Действительно, верно ли, что одни и те же метафоры характерны для всех языков? Это, конечно, не так. Существуют специальные исследования, посвященные особенностям метафор тех или иных языков либо регионов. В недавно вышедшей книге «Метафоры под угрозой»[1] описываются этноспецифичные, т. е. свойственные конкретному языку (и культуре) образные выражения, в том числе метафоры. Вот, например, сравнения в языке танана из Северной Америки: ‘работать как мышь' (т.е. очень много), ‘лгать как ворон', ‘ходить как дикобраз' (очень медленно). Носителю русского языка подобные сравнения покажутся неожиданными.
Однако нельзя утверждать, что в образных выражениях разных языков нет ничего универсального; напротив, в самом общем виде языки похожи, а различаются они более конкретным наполнением. Например, любой язык антропоцентричен, т. е. в нем имеются метафоры, представляющие различные объекты — живые и неживые — как людей. Дж. Лакофф и М. Джонсон указывают, что метафоры персонификация (или олицетворение) является важнейшим типом метафоры. Такие метафоры приписывают различным объектам человеческие мотивации, цели, действия и характеристики. Лакофф и Джонсон приводят следующие метафоры из английского языка: inflation has attacked the foundation of our economy ‘инфляция атаковала основы нашей экономики', his theory explained ‘его теория объясняет', this fact argue ‘этот факт приводит доводы в пользу' и пр.1 Сразу заметно, что далеко не все английские метафоры естественно звучат по-русски.

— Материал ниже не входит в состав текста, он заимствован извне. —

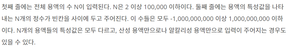 첫째 줄에는 전체 용액의 수 N이 입력된다. N은 2 이상 100,000 이하이다. 둘째 줄에는 용액의 특성값을 나타내는 N개의 정수가 빈칸을 사이에 두고 주어진다. 이 수들은 모두 -1,000,000,000 이상 1,000,00
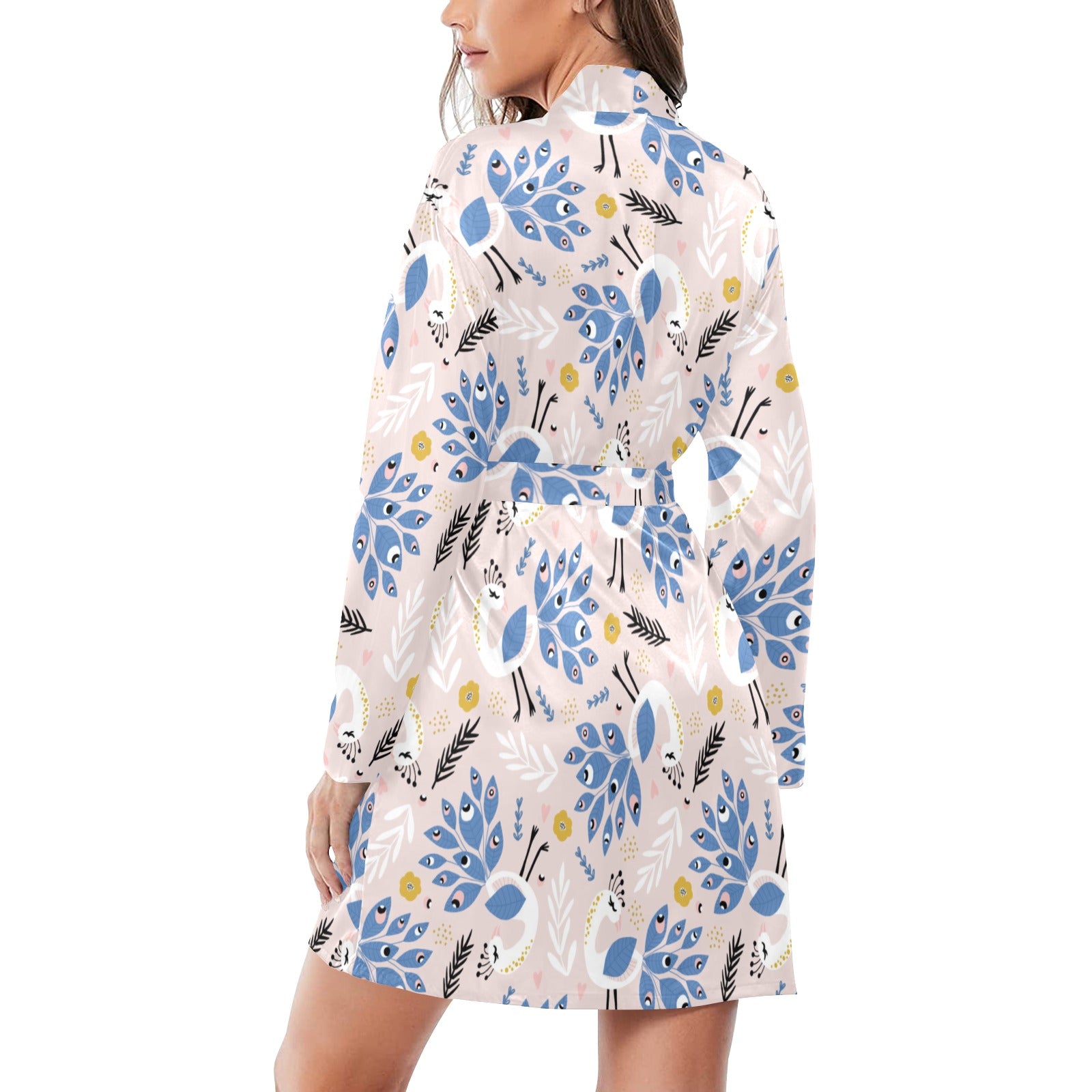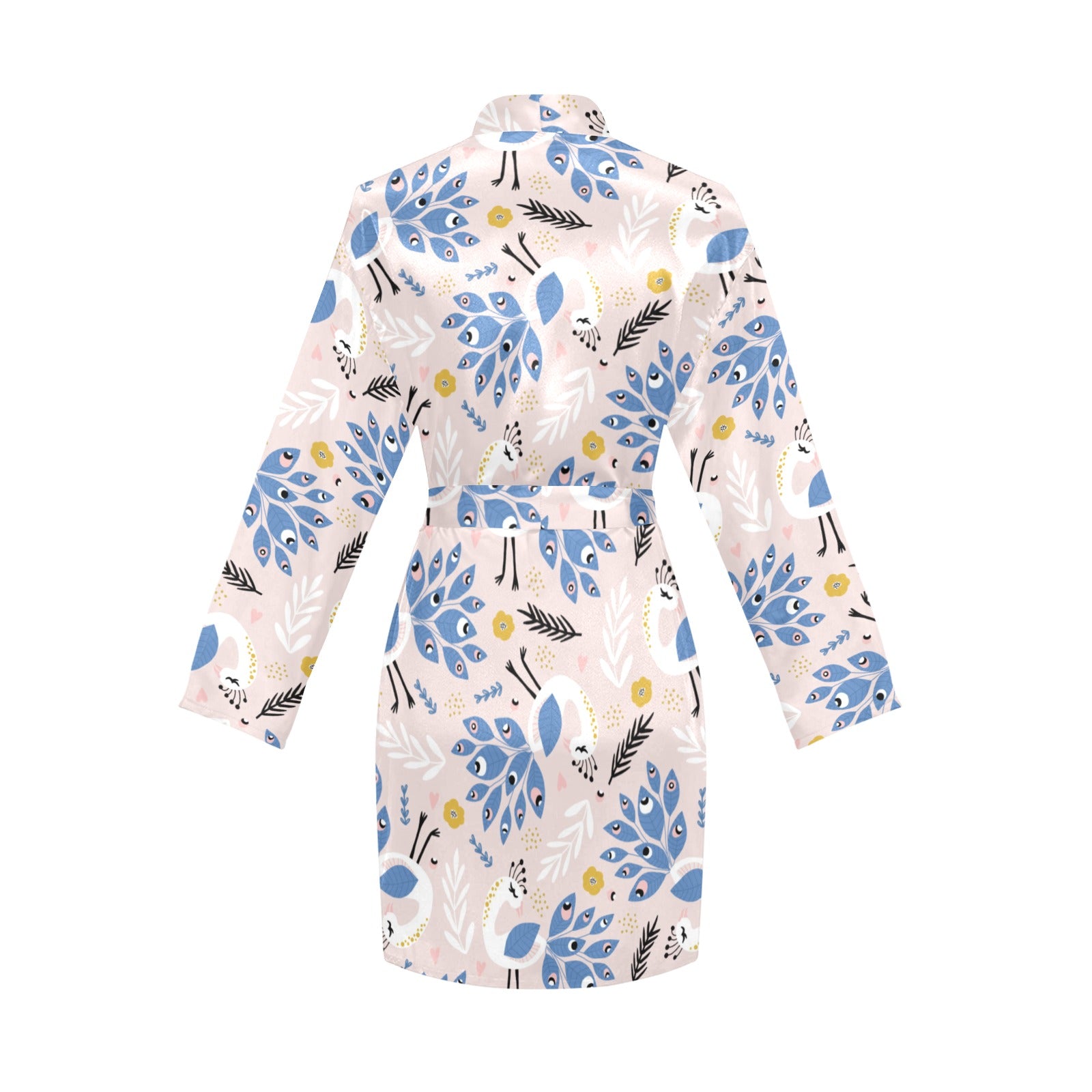 Cute peacock pattern Women's Long Sleeve Belted Night Robe
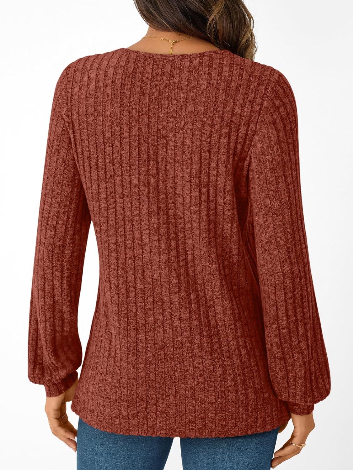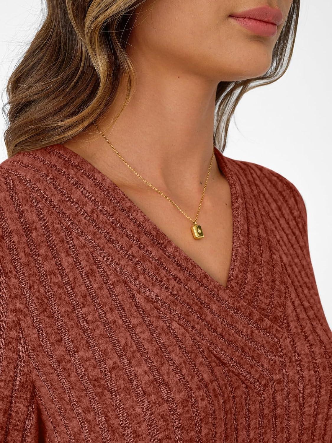 AUTOMET Women Long Sleeve Shirts Fall V Neck Work Tops 2025 Fashion Tunic Sweaters Dressy Casual Winter Blouse Trendy Outfits(Caramel)
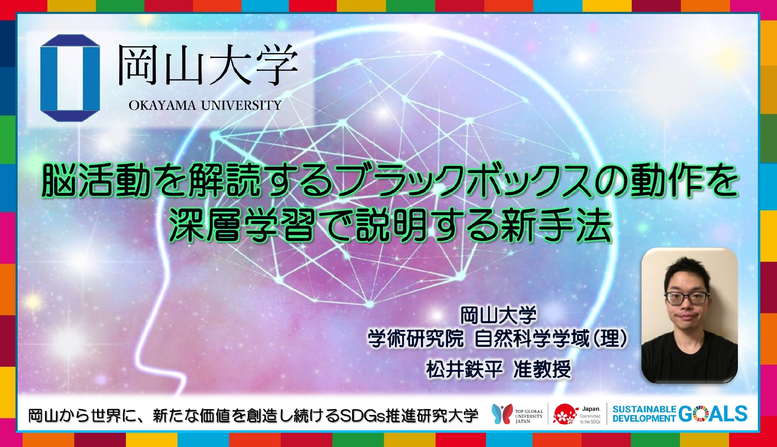 国立大学法人岡山大学(本部:岡山市北区、学長:槇野博史)学術研究院自然科学学域(理・生物)の松井鉄平准教授と立教大学大学院人工知能研究科の瀧雅人准教授、生理学研究所のトラン・ファム(Trung Quang Pham)特任助教、株式会社アラヤの近添淳一主任研究員、慶應義塾大学(理工学部)の地村弘二准教授の共同研究グループは、脳活動を解読する深層神経回路の動作を直感的に説明する新しい手法を開発しました。
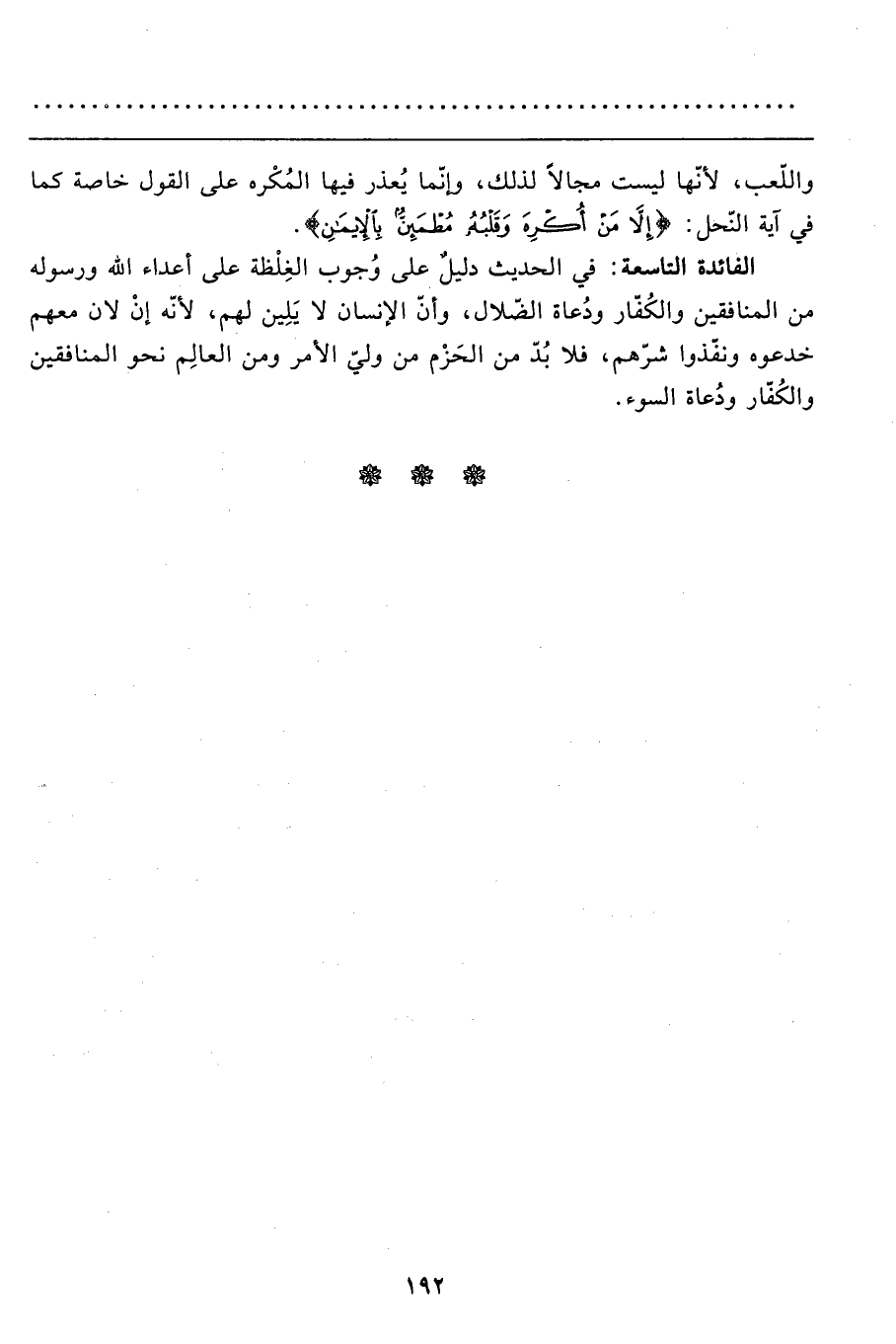الفائدة التاسعة: في الحديث دليلٌ على وُجوب الغِلْظة على أعداء الله ورسوله من المنافقين والكُفّار ودُعاة الضّلال، وأنّ الإنسان لا يَلِين لهم، لأنّه إنْ لان معهم خدعوه ونفّذوا شرّهم، فلا بُدّ من الحَزْم من وليّ الأمر ومن العالِم نحو المنافقين والكُفّار ودُعاة السوء.
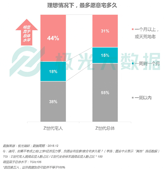 根据极光大数据的调研结果,理想情况下,超过4成宅人愿意宅在家中超过一个月。
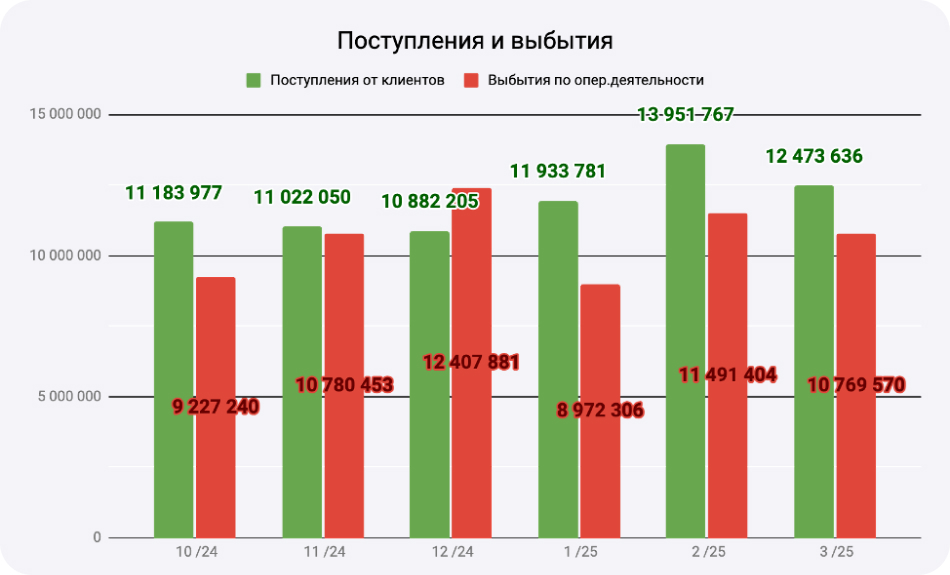 Итог: рост выручки на 16% в первом квартале 2025 года привёл к пропорциональному увеличению поступлений от клиентов.

Дж. Лакофф и М. Джонсон отмечают, что существует и другой тип метафоры олицетворения, которые они считают маргинальным для европейской культуры, а именно: приписывание объектам физических характеристик человека, как если бы они имели человеческое тело. Лакофф и Джонсон пишут, что существуют общеупотребительные выражения, такие как foot of the mountain ‘подножие горы' (букв. ‘нога горы'), a head of cabbage ‘кочан капусты' (букв. ‘голова капусты'), the leg of a table ‘ножка стола' (букв, нога стола'), и т. д. Эти выражения являются изолированными случаями метафорических представлений, где используется только какаято одна часть (или две-три). Выражение foot of the mountain использует лишь один аспект метафоры гора <= человек. Обычно мы не говорим head, shoulders, or trunk of a mountain (‘голова, плечи, тело горы'), хотя такие построения возможны[2][3].
В русском языке нет выражения нога горы, но есть подножие горы; мы говорим не нога стола, а ножка стола; не существует головы капусты, хотя в прошлом бытовало выражение сахарная голова. Специальные исследования на эту тему не проводились, но, по-видимому, в русском языке подобных выражений еще меньше, чем в английском.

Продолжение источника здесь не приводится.